Dataset entries –
* * *
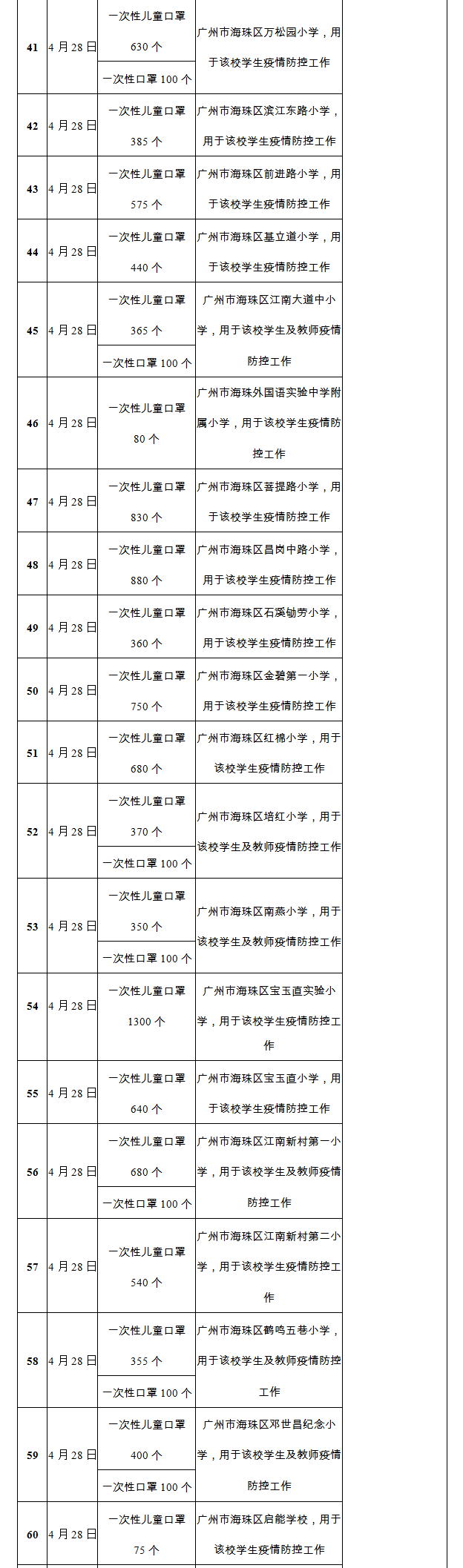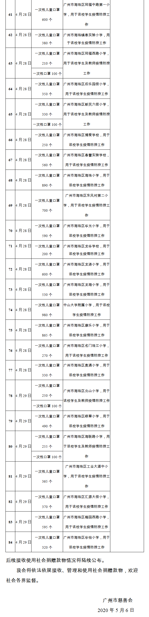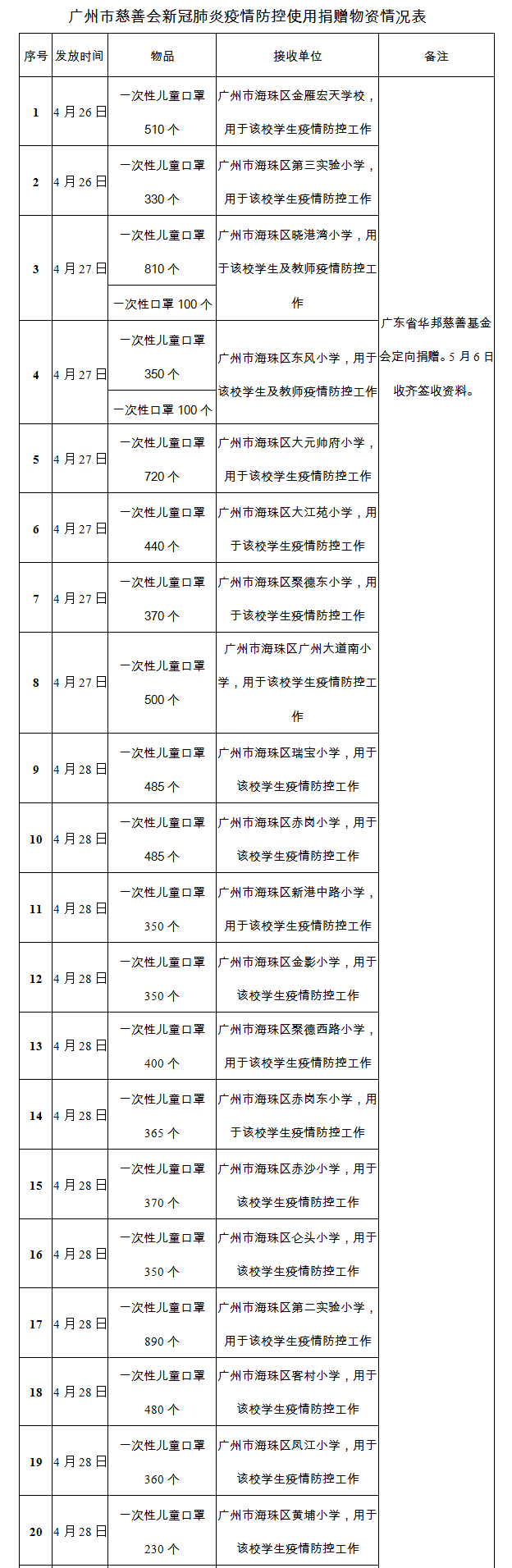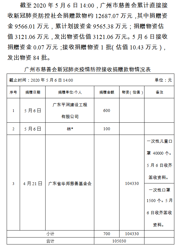 广州市慈善会关于新冠肺炎防控社会捐赠款物接收使用情况的公告(九十六)
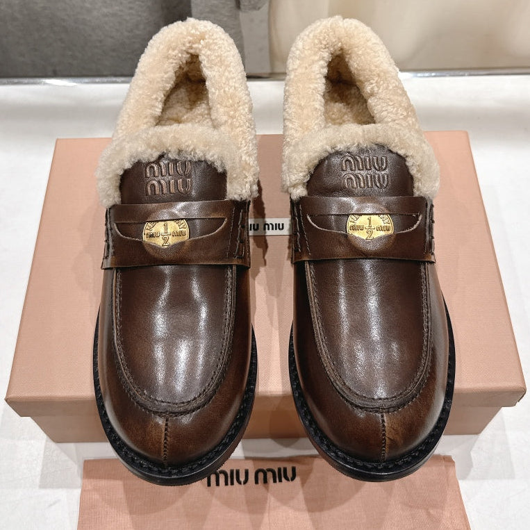 MiuMiu 25 Fur Loafer Brown mix Beige Cowhide 535595
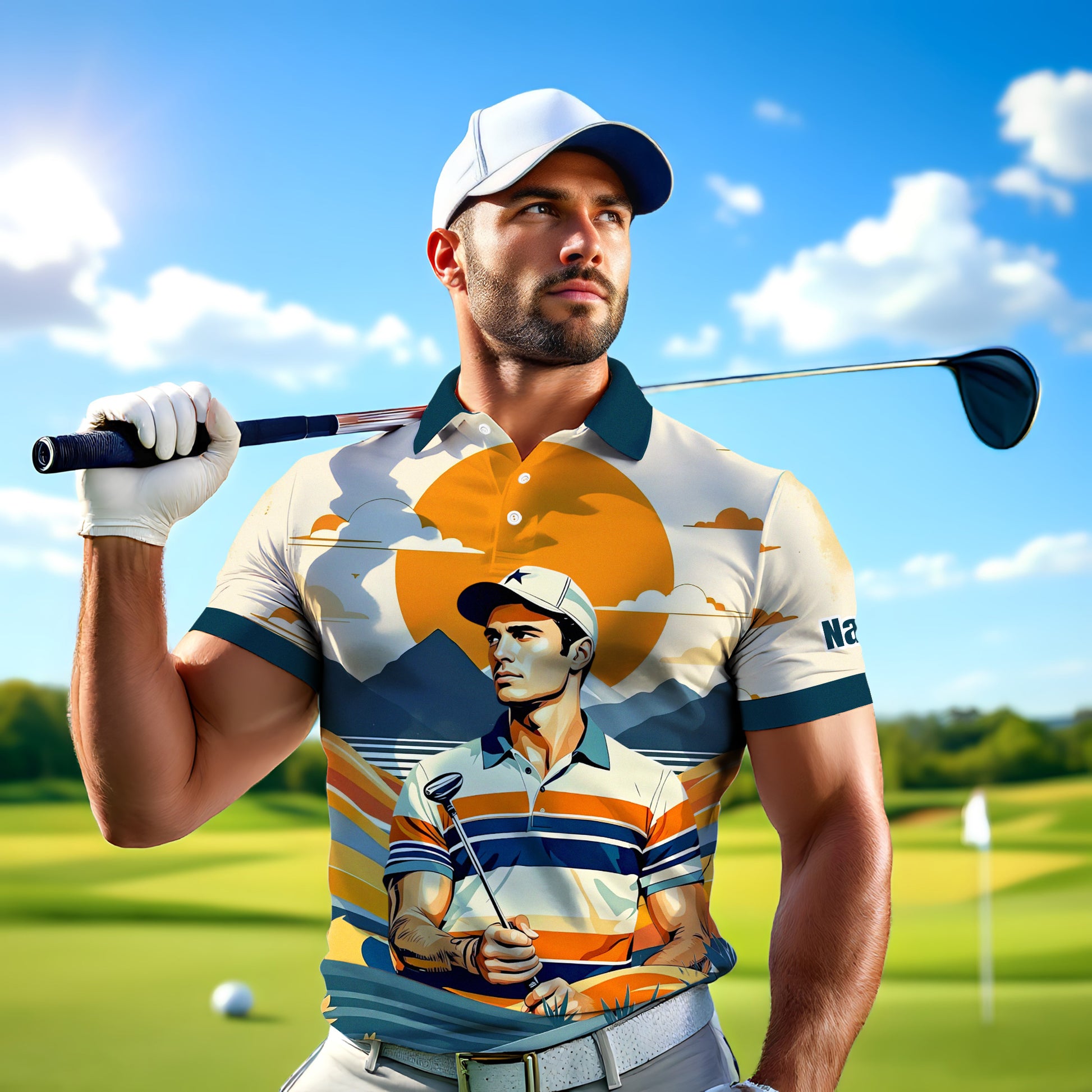 Custom Vintage Americana Golf Polo with Your Face - Retro Personalized Gift for Men Style 2
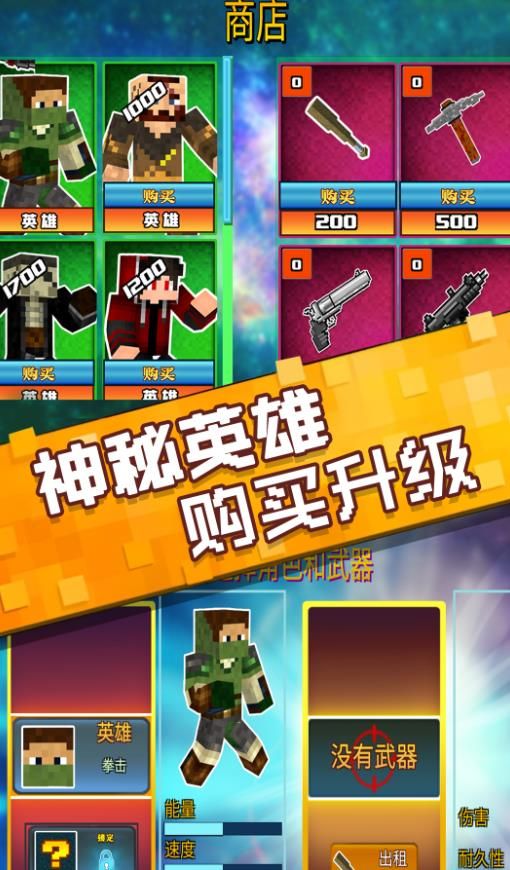 2、通过通关奖励获取金币,用于购买新英雄或升级现有角色的属性与武器。
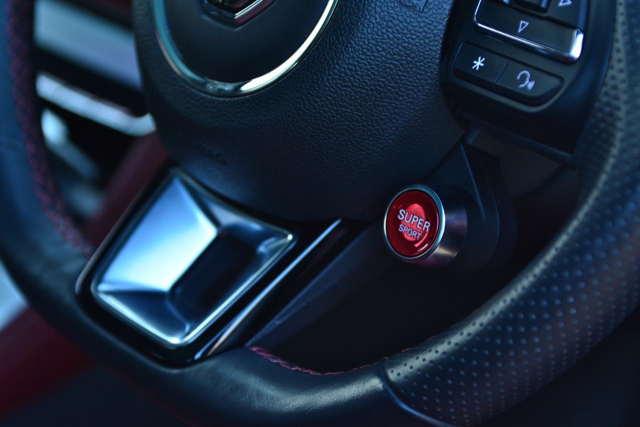พวงมาลัย 3 ก้านหุ้มหนังแท้ทรงฐานตัดแบบสปอร์ตมาพร้อมสวิตช์มัลติฟังก์ชัน ปุ่ม Super Sport Mode สีแดงคล้ายสวิตช์ปรับโหมดของ Porsche ก้านพวงมาลัยยังติดตั้งปุ่มควบคุมหน้าจอภาพ MID multi information display ปุ่มควบคุมเครื่องเสียงและระบบโทรศัพท์ ก้านสวิตช์ระบบปรับตั้งความเร็วอัตโนมัติ Adaptive Cruise Control แป้นเปลี่ยนตำแหน่งเกียร์หลังพวงมาลัย Paddle Shift ให้กันมายิ่งกว่าครบและใช้งานกันไม่หมดละครับ พวงมาลัยปรับได้สี่ทิศทางทั้งสูง-ต่ำและไกล-ใกล้
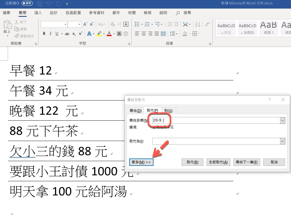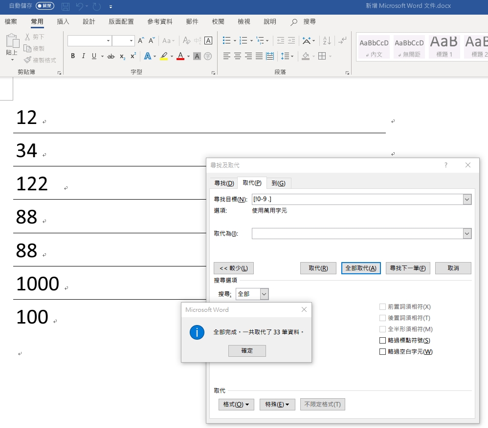 Word 教學 - 如何快速清空「數字」以外的文字?
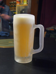 とりあえずビールをいただきます。霜がついたジョッキがすてきです。これが250円と言うところもすてきです。
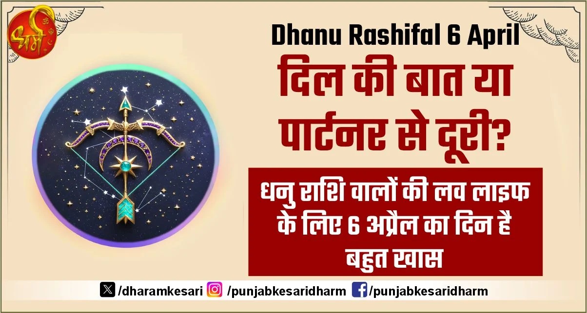 Dhanu Rashifal 6 April : ज्योतिष शास्त्र में धनु राशि को अग्नि तत्व की राशि माना जाता है, जिसका स्वामी बृहस्पति है। धनु राशि के जातक अपनी स्पष्टवादिता, दार्शनिक सोच और स्वतंत्रता प्रिय स्वभाव के लिए जाने जाते हैं। लेकिन जब बात भावनाओं और प्रेम संबंधों की आती है, तो ये अक्सर उलझन में पड़ जाते हैं। 6 अप्रैल 2026 का दिन धनु राशि के जातकों के लिए एक भावनात्मक परीक्षा की घड़ी लेकर आया है। आज का सबसे बड़ा सवाल यह है कि क्या आप अपने 'दिल की बात' कहकर रिश्तों को नई ऊंचाई देंगे, या फिर ईगो और गलतफहमियों के कारण पार्टनर से दूरी बना लेंगे? सितारों की चाल संकेत दे रही है कि आज आपकी लव लाइफ में एक बड़ा मोड़ आने वाला है। तो आइए, विस्तार से समझते हैं आज का आपका भविष्यफल।
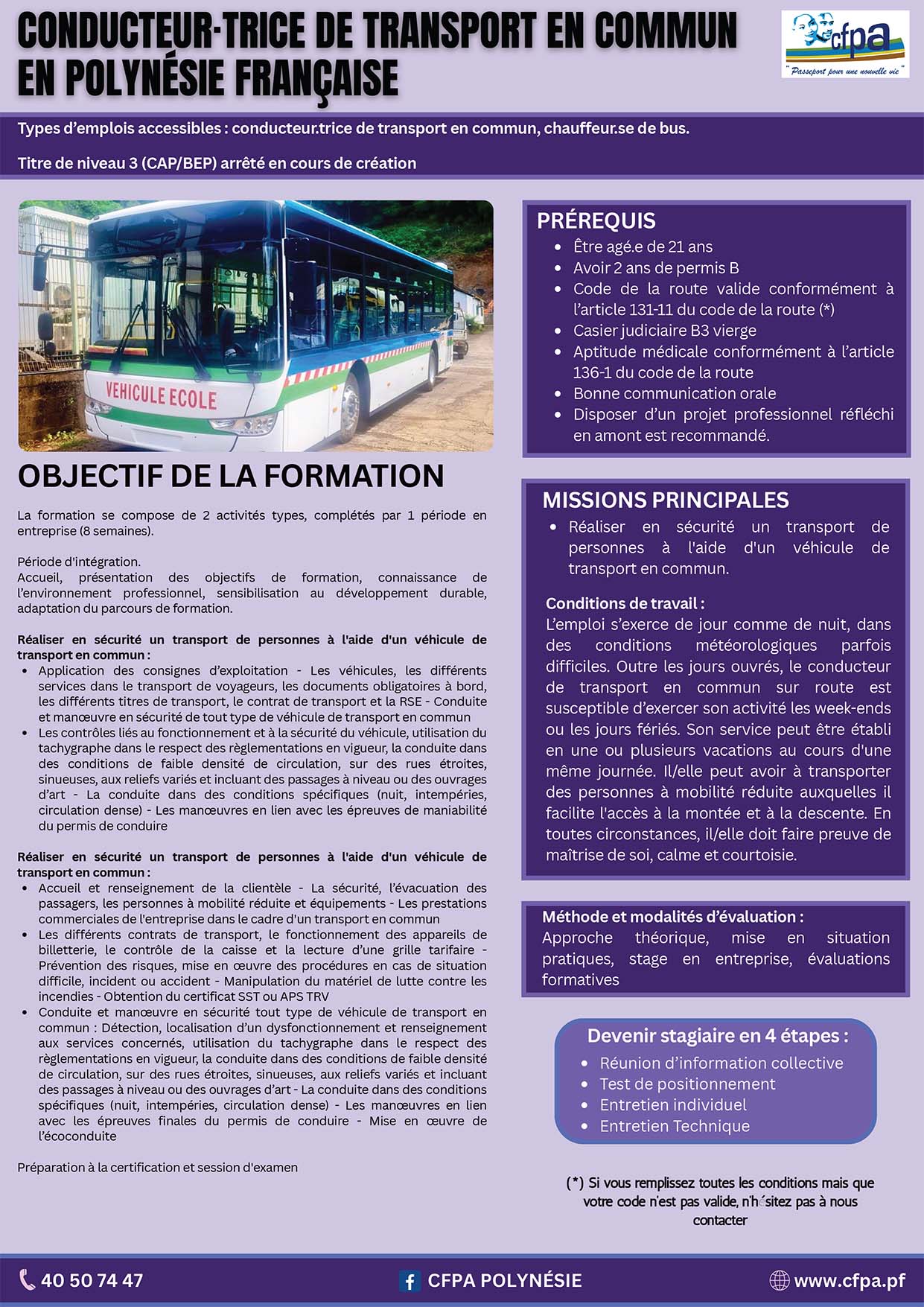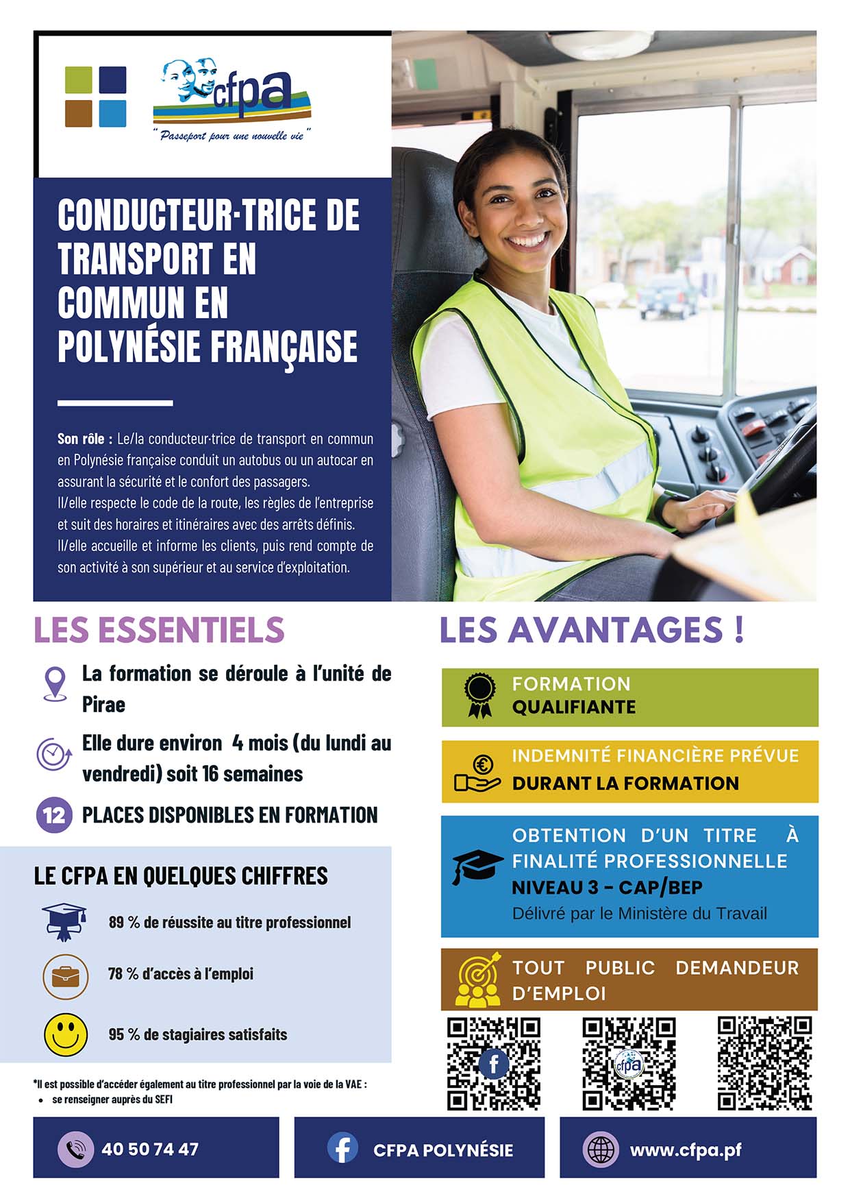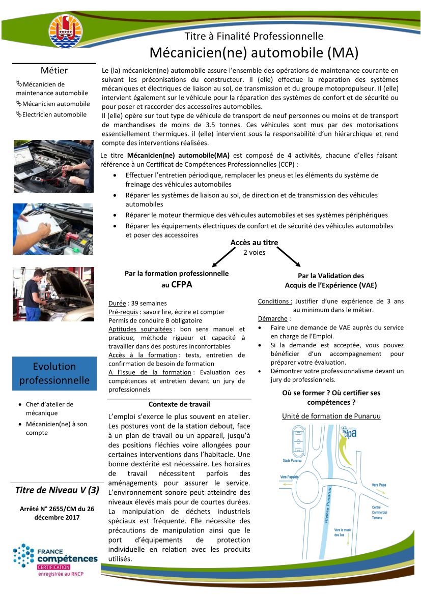 Télécharger la fiche de formation S'inscrire à l'unité de Formation Itinérante Télécharger la fiche de formation S'inscrire à l'unité de Punaruu Besoin de renseignement ? Contactez-nous Besoin de renseignement ? Contactez-nous Où se former ? Où certifier ses compétences ? Unité de Formation Itinérante- Tel : 40 50 74 47
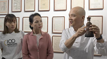 11月11日,在湖北省来凤县城龙凤文化中心广场,鼓手为跳摆手舞的舞者伴奏。
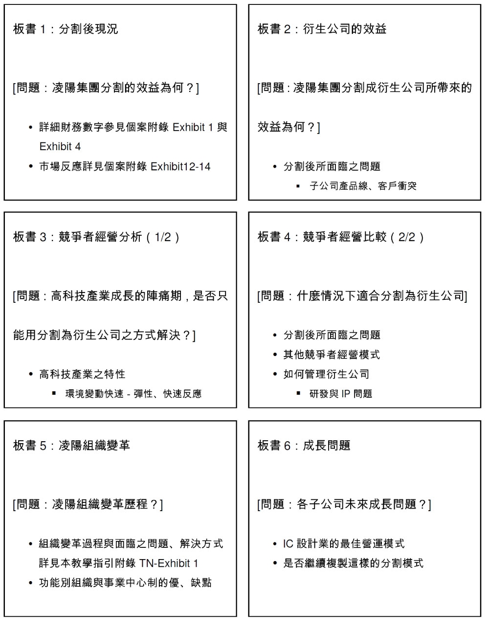 延續對凌陽集團分割案的討論,教師可以將問題拉到怎樣的情境適合執行分割的成長策略?而分割後又該如何設立管理機制?分割後的組織成長議題將如何延續?高科技產業是否適用分割的成長策略?或分割策略是否適用於其他產業?藉此讓學員對分割策略有一概括性的認識與了解。
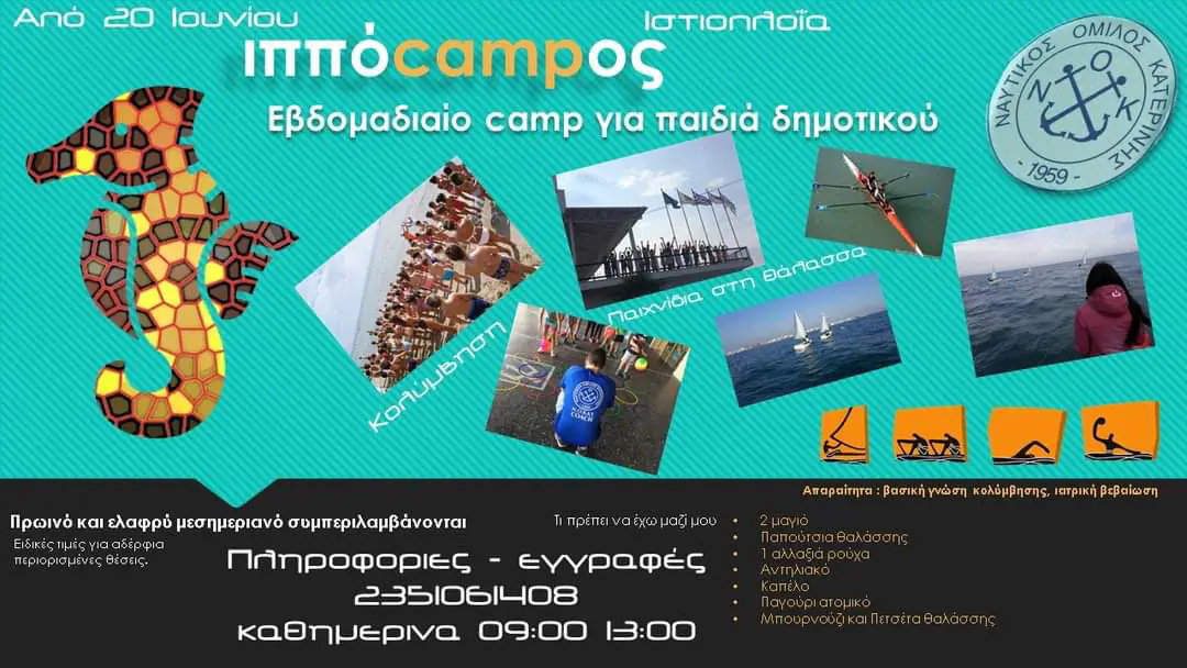 Μετά από δυο επιτυχημένες χρονιές διοργάνωσης του Ιππόκαμπου, έτσι και φέτος, ο Ναυτικός Όμιλος Κατερίνης περιμένει, από τις 20 Ιουνίου 2022 και για 10 ολόκληρες εβδομάδες, τους μικρούς του φίλους για να διασκεδάσουν και να γνωρίσουν τη θάλασσα!!! Το πρόγραμμα περιλαμβάνει κολύμβηση, ιστιοπλοΐα και εκπαιδευτικά παιχνίδια τόσο στη θάλασσα όσο και στη στεριά!!!
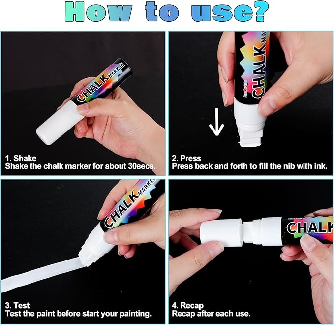 - Bright Vibrant Colors: 4 pack of white jumbo markers. Liquid chalk marker uses newly upgraded inks with more vibrant colors. Add style and get creative for Halloween, Christmas, holiday parties and more.
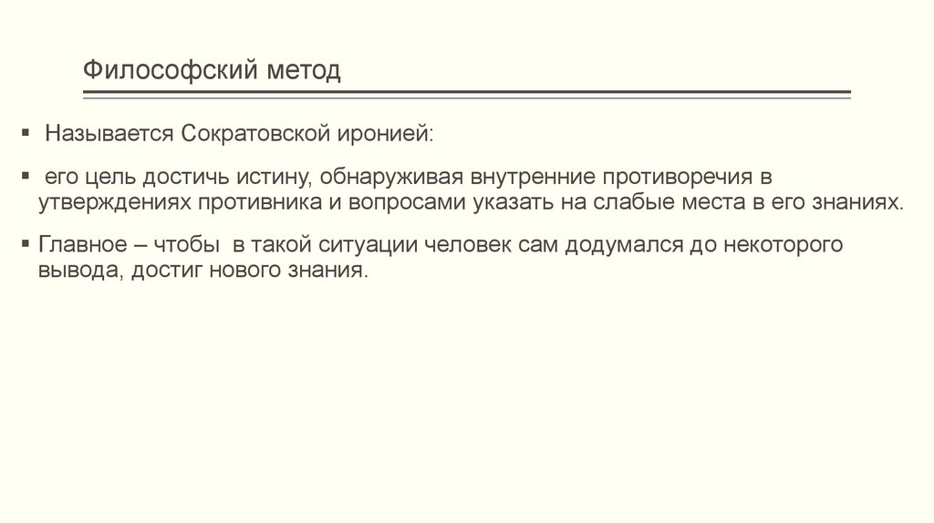 его цель достичь истину, обнаруживая внутренние противоречия в
* * *
YOUR OBJECTIVE – Look above for the line with "Custom Vintage Americana" and the line with "2、通过通关奖励获取金币,用于购买新英雄或升级现有角色的属性与武器。"; set down those two lines and all lines between them exactly, without pictures and without anything else.

COMPLETED EXERCISE –
 Custom Vintage Americana Golf Polo with Your Face - Retro Personalized Gift for Men Style 2
 2、通过通关奖励获取金币,用于购买新英雄或升级现有角色的属性与武器。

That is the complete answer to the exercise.